- Bourses must strengthen oversight, curb speculation: CSRC
- Futures traded on one day last week surged to $261 billion
China’s top financial regulator has pledged to prevent excessive speculation in commodities futures markets after a record bout of trading in everything from steel bars to cotton pushed up prices.
Bourses must strengthen market oversight and curb speculative trading, Zhang Xiaojun, a spokesman for the China Securities and Regulatory Commission said at a briefing in Beijing on Friday. Exchanges took steps including raising trading fees and shortening hours after a sudden burst took the value of futures traded on Thursday to $261 billion, the same volume as the U.S. equity market. Prices of rebar jumped 20 percent over four days last week, aluminum advanced to a 10-month high and cotton surged.

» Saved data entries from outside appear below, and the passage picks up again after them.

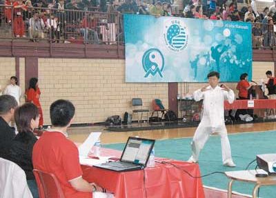這次比賽分傳統(tǒng)、散手、器械、規(guī)定套路、太極等類(lèi),參賽選手有初學(xué)不久者,也有多次參賽的老資格運(yùn)動(dòng)員,參與熱情最高的是生長(zhǎng)在美國(guó)本地的青少年。
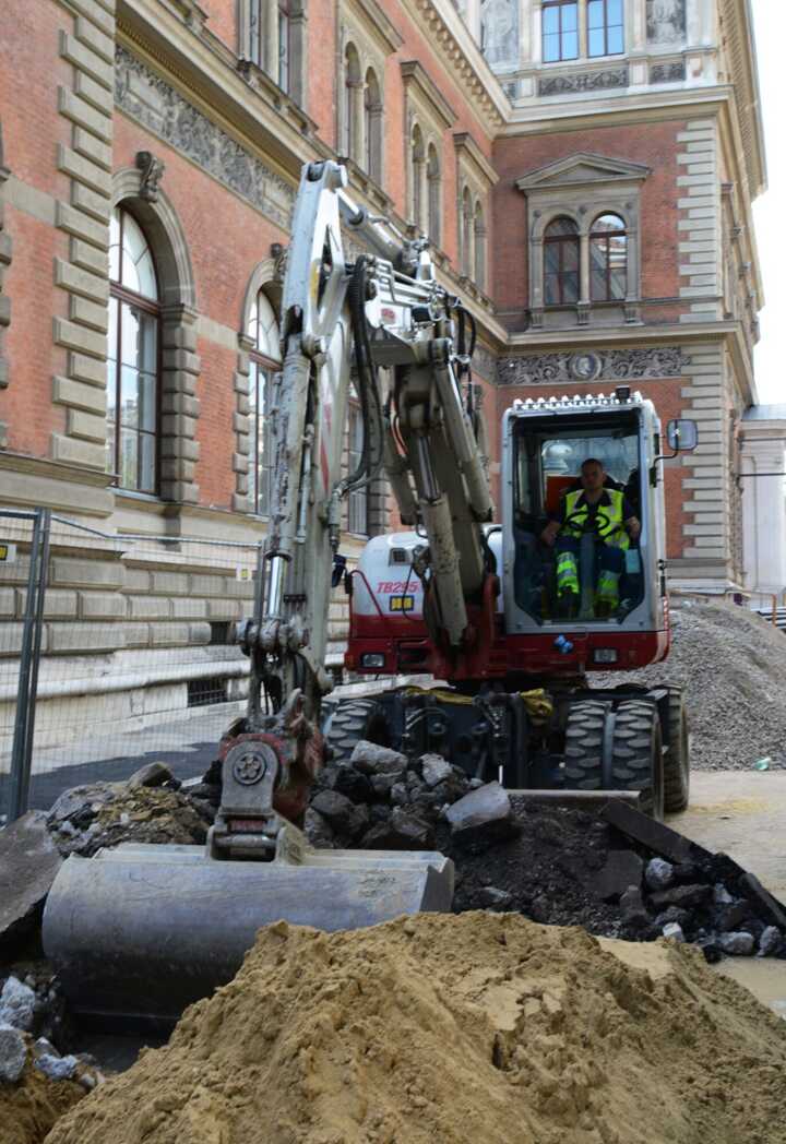 Beschreibung:Auf dem Bild ist ein Kran- und Baumaschinenführer zu sehen, der einen Bagger bedient, um Erdarbeiten vor einem historischen Gebäude durchzuführen.
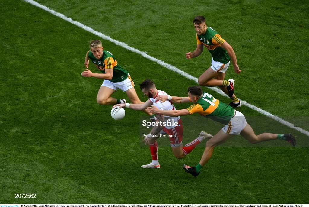 28 August 2021; Ronan McNamee of Tyrone in action against Kerry players, left to right, Killian Spillane, David Clifford, and Adrian Spillane during the GAA Football All-Ireland Senior Championship semi-final match between Kerry and Tyrone at Croke Park in Dublin. Photo by Daire Brennan/Sportsfile
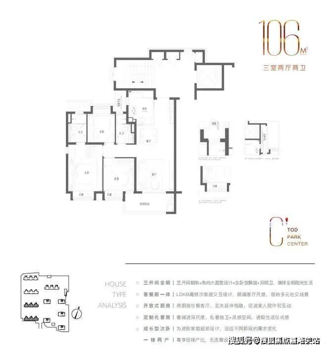 格局上,该户型是市场备受欢迎的三开间朝南+动静分区经典款户型。
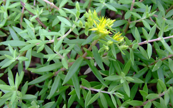 垂盆草花莖比較細,而且是匍匐在節(jié)上生根,有3片葉輪生,葉為披針形,有聚傘花序,開花比較少,顏色為黃色;佛甲草莖直立,也是3片葉輪生,葉是線形,花也是頂生的聚傘花序,顏色為黃色的。
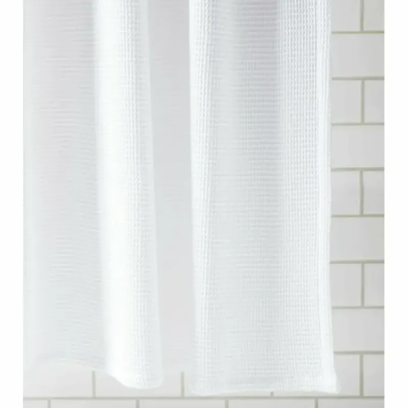 - This shower curtain instantly refreshes your look with a clean waffle weave texture that reminds us of our favorite spas.
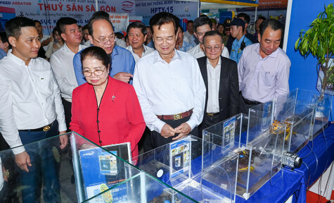 Nguyên Thủ tướng Chính phủ Nguyễn Tấn Dũng (giữa) tham quan không gian trưng bày mô hình nuôi tôm siêu thâm canh không xả thải, thân thiện với môi trường.

There is one fundamental reason for some commodities to advance. The government pumped credit into Asia’s biggest economy in the first quarter, spurring a pick-up in sectors including construction. Still, the CSRC is concerned that big swings will trigger market risks and fuel abnormal volatility, according to people familiar with the matter.
Trading volume on the three main venues -- Dalian Commodity Exchange, Shanghai Futures Exchange and Zhengzhou Commodity Exchange -- has already declined in the wake of tighter trading rules. Total value fell to 980 billion yuan ($151 billion) on Thursday when about 24 million contracts traded, according to data compiled by Bloomberg. That’s above levels a year ago when 16.7 million contracts changed hands worth 718 billion yuan.
Goldman Sachs Group Inc. has expressed concern about the surge in speculative trading in iron ore, pointing out that daily volumes are now so large that they sometimes exceed annual imports. The amount of cotton traded in Zhengzhou on one day last week was enough to make 9 billion pairs of jeans, or at least one for every person on Earth.